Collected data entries
Start of Block
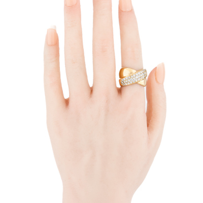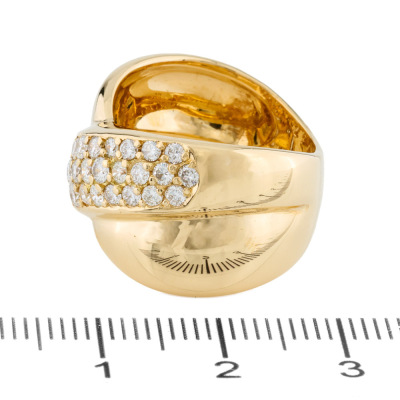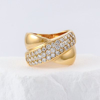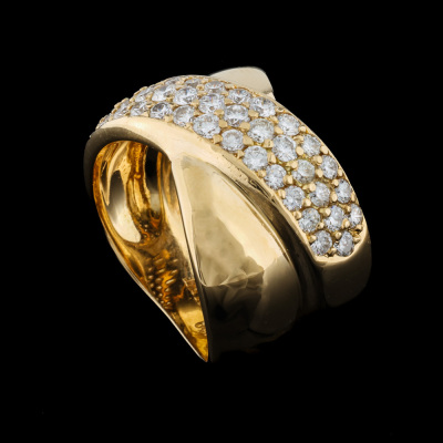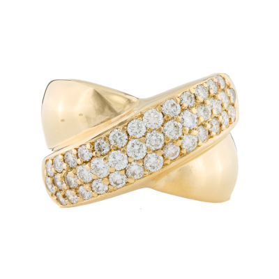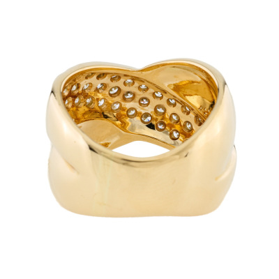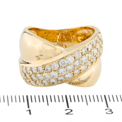 Vintage Chaumet X Diamond ring with round Natural Diamonds totalling 1.20ct (Estimated grading: F-G VS). 18ct yellow gold. Ring size M3/4. Minimum band width: 7.7mm. Weight: 13.7g. With Invoice dated 16/07/92.
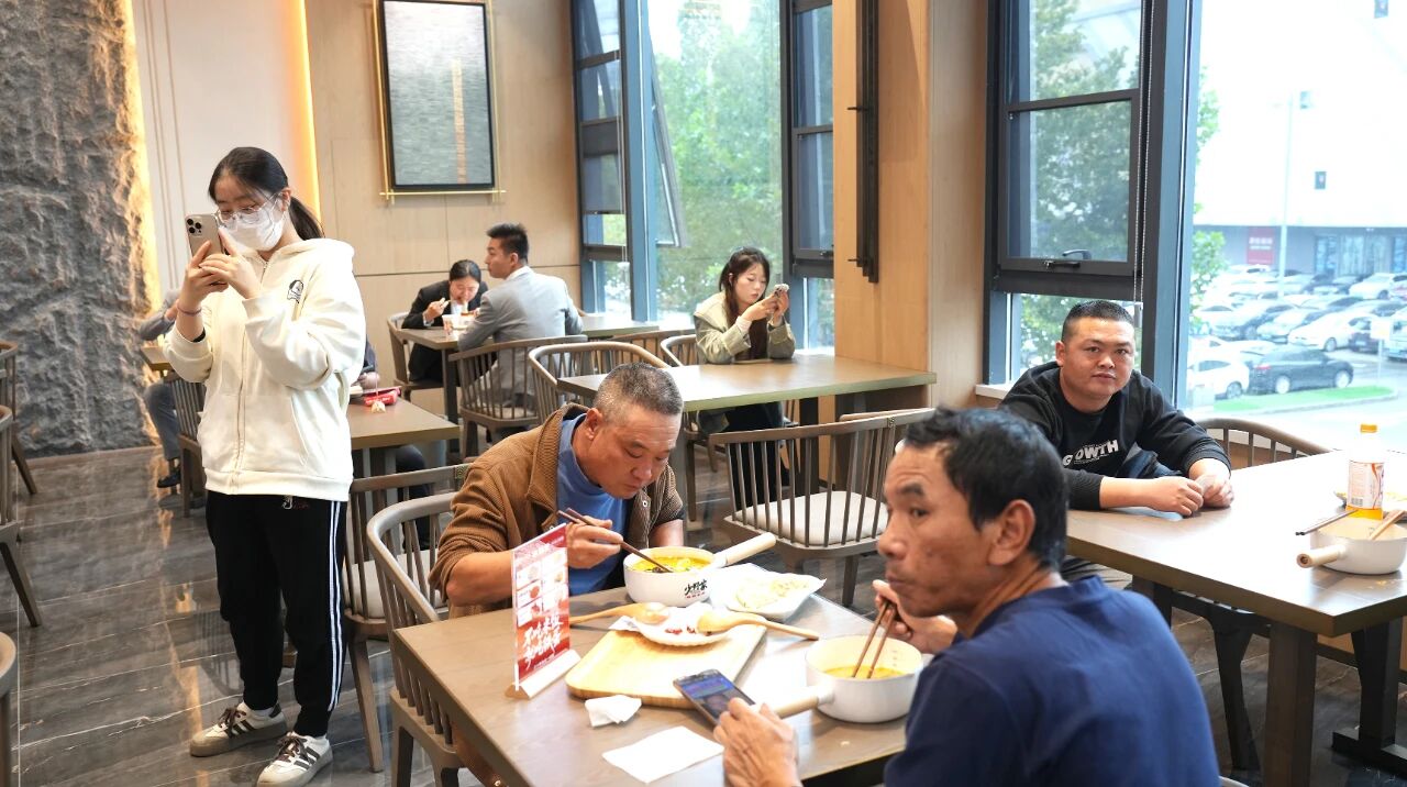 走進國賓小館,四大特色美食檔口前更是人氣爆棚。鐵蛋刀削面檔口前,師傅手持面團行云流水般削面,薄厚均勻的面條落入沸水,撈出后澆上秘制鹵汁,搭配鮮嫩澆頭,一口下去筋道入味,引得食客頻頻稱贊。
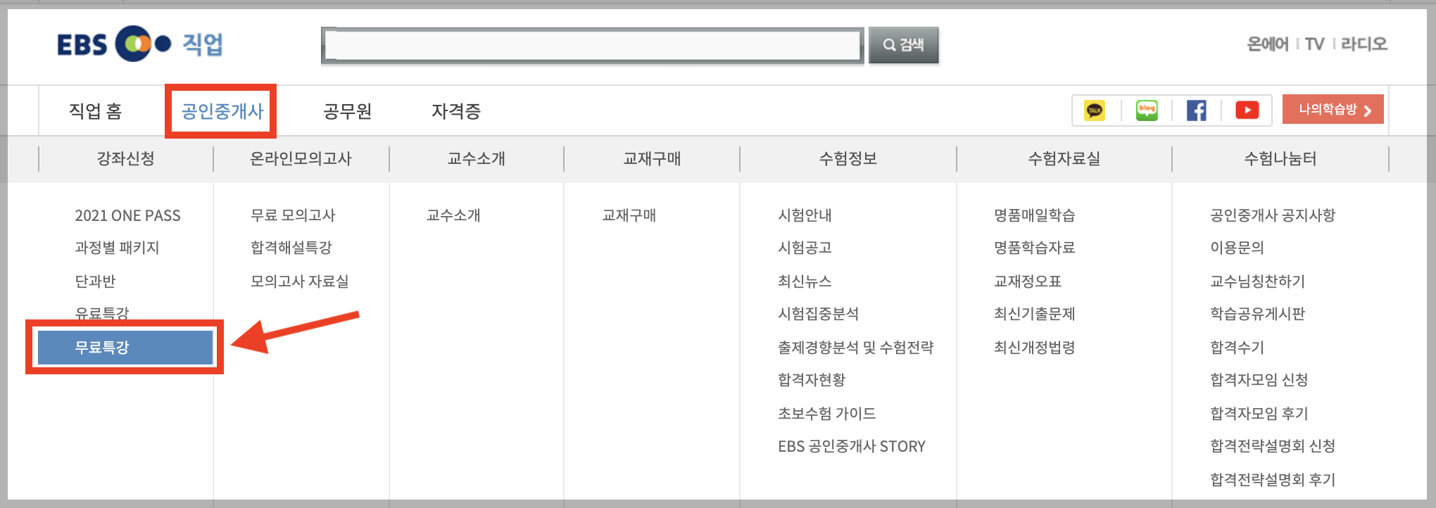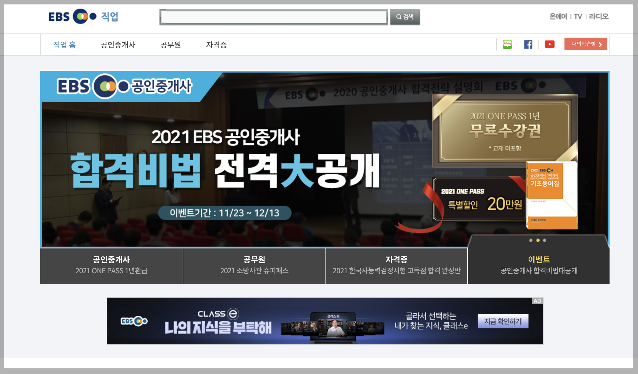 ▼ 공인중개사 무료인강을 들을 수 있는 [ebs직업 공인중개사] 입니다. 공인중개사뿐만 아니라 공무원 시험과 자격증 시험 강의도 기초강의를 무료로 들을 수 있습니다. (기초 강의를 제외한 심화 강의들은 유료입니다.)
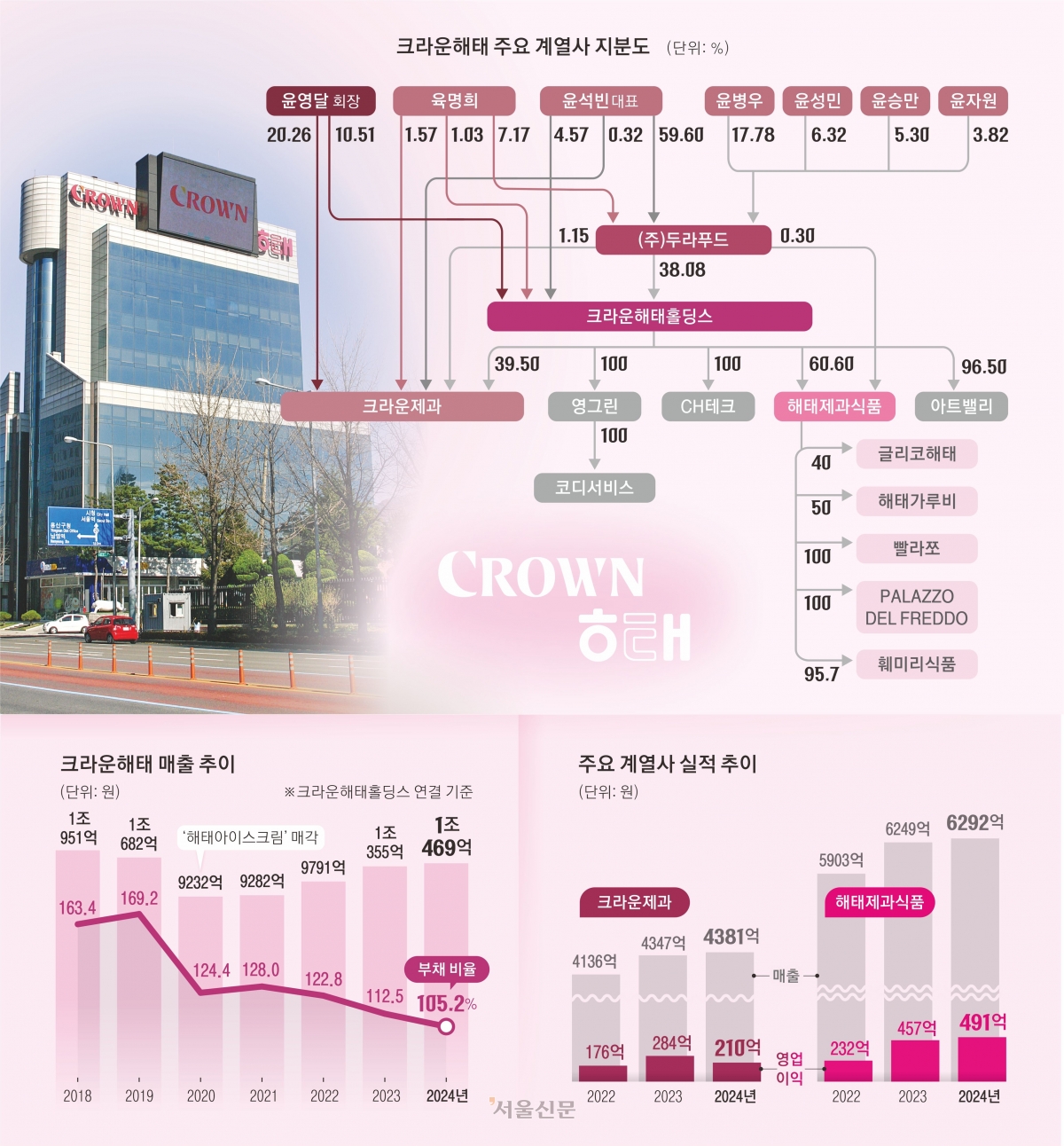 윤 회장이 여전히 활발한 대외 활동을 하고 있기는 하지만 크라운해태는 이미 ‘3세 경영’이 자리잡은 것으로 평가받는다. 윤 대표가 지주사는 물론 2020년부터 크라운제과 대표도 겸하고 있는 데다 지분 구조상 그룹 전체를 사실상 지배하기 때문이다.
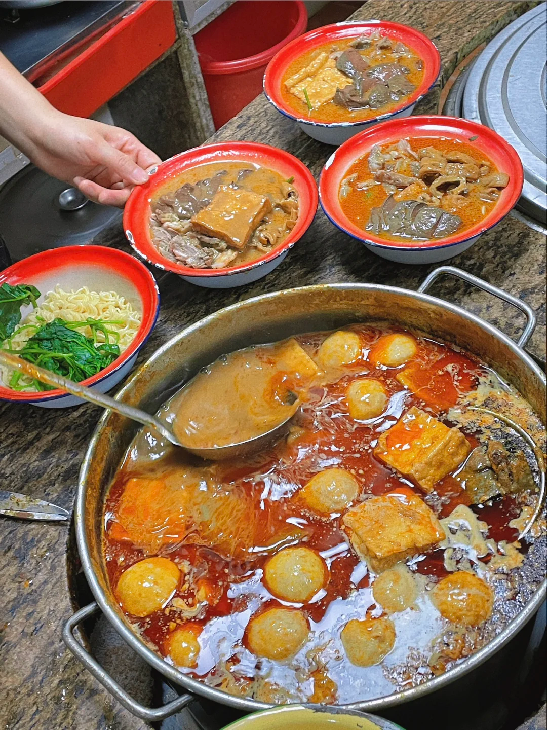 湯頭正,沙茶才對(duì)味。一勺蒜泥入碗,再澆入一大勺沙茶湯頭,鮮甜的底味蘊(yùn)于其中,咸鮮香辣的回味慢慢上涌,猛喝一口湯底,渾身便舒暢許多。
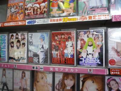 Eu também consegui tirar foto da pratelereira de filmes pornos, já que me pediam pra ver se era verdade que no Japão um dos destaques são filmes feitos a partir de animes, portanto garotas vestidas de cosplay dos personagens de anime na moda.
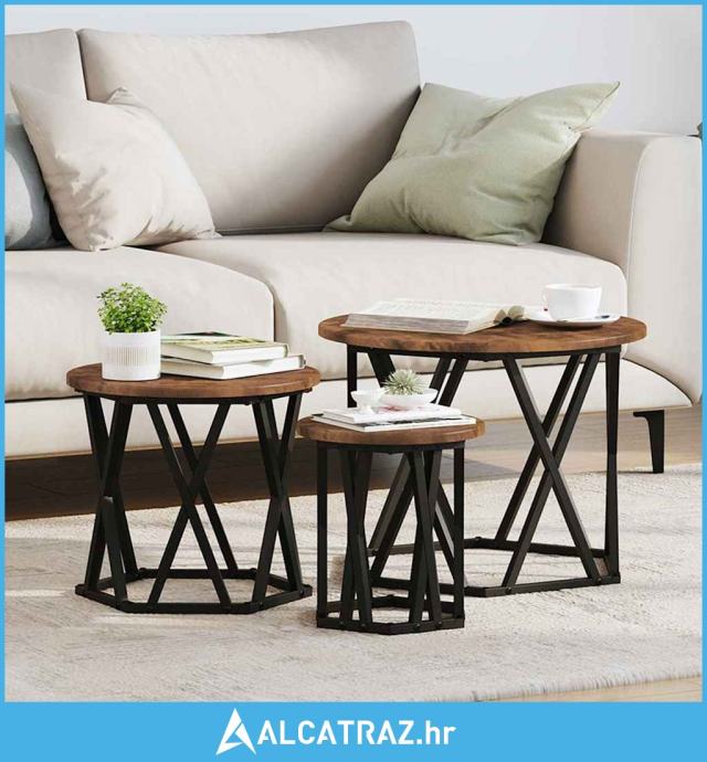 - Uključeni dijelovi: Ovaj set ima tri stolića, pa ti daje puno opcija za raspored. Svaki od njih ima čvrst crni čelični okvir za pouzdanu potporu, bez obzira koristiš li ih odvojeno ili zajedno.
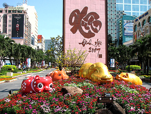 Những chú heo đất là biểu tượng của đường hoa Nguyễn Huệ Tết Định Hợi 2007. Ảnh: Ban tổ chức.
End of Block
WHAT IS NEEDED :: Repeat exactly the lines from the one containing "- Uključeni dijelovi: Ovaj" through the last line of the records above, both included, and leave out the pictures.

RESULT OF THIS TASK ::
 - Uključeni dijelovi: Ovaj set ima tri stolića, pa ti daje puno opcija za raspored. Svaki od njih ima čvrst crni čelični okvir za pouzdanu potporu, bez obzira koristiš li ih odvojeno ili zajedno.
 Những chú heo đất là biểu tượng của đường hoa Nguyễn Huệ Tết Định Hợi 2007. Ảnh: Ban tổ chức.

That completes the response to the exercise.